··· Information given ···

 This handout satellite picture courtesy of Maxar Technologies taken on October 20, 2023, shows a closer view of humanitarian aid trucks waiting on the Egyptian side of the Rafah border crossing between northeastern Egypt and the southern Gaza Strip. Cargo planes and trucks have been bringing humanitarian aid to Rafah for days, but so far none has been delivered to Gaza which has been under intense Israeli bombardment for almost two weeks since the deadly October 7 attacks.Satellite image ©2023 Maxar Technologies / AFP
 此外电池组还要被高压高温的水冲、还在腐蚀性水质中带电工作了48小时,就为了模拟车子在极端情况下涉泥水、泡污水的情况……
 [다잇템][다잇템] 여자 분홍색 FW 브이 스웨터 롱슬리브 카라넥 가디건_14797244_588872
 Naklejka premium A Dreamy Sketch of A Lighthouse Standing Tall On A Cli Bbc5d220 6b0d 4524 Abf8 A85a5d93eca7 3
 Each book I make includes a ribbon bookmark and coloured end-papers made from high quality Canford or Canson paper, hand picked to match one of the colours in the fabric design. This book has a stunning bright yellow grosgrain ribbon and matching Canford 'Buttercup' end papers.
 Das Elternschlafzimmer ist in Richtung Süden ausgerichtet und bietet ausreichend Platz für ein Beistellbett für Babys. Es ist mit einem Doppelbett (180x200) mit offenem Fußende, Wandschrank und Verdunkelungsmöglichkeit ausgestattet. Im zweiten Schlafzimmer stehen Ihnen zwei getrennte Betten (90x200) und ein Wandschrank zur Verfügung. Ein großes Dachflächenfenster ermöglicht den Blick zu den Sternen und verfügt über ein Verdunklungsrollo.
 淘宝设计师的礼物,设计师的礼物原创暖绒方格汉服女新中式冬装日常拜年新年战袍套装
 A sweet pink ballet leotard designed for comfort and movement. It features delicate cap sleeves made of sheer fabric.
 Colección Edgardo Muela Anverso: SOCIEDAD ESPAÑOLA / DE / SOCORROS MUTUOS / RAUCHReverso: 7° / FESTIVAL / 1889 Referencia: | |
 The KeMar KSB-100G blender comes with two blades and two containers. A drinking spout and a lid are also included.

···

Task to carry out:
Copy the lines of the data above exactly as written, beginning with the line containing "Das Elternschlafzimmer ist" and ending with the line containing "Colección Edgardo Muela", and leave out all other lines.

Finished task:
 Das Elternschlafzimmer ist in Richtung Süden ausgerichtet und bietet ausreichend Platz für ein Beistellbett für Babys. Es ist mit einem Doppelbett (180x200) mit offenem Fußende, Wandschrank und Verdunkelungsmöglichkeit ausgestattet. Im zweiten Schlafzimmer stehen Ihnen zwei getrennte Betten (90x200) und ein Wandschrank zur Verfügung. Ein großes Dachflächenfenster ermöglicht den Blick zu den Sternen und verfügt über ein Verdunklungsrollo.
 淘宝设计师的礼物,设计师的礼物原创暖绒方格汉服女新中式冬装日常拜年新年战袍套装
 A sweet pink ballet leotard designed for comfort and movement. It features delicate cap sleeves made of sheer fabric.
 Colección Edgardo Muela Anverso: SOCIEDAD ESPAÑOLA / DE / SOCORROS MUTUOS / RAUCHReverso: 7° / FESTIVAL / 1889 Referencia: | |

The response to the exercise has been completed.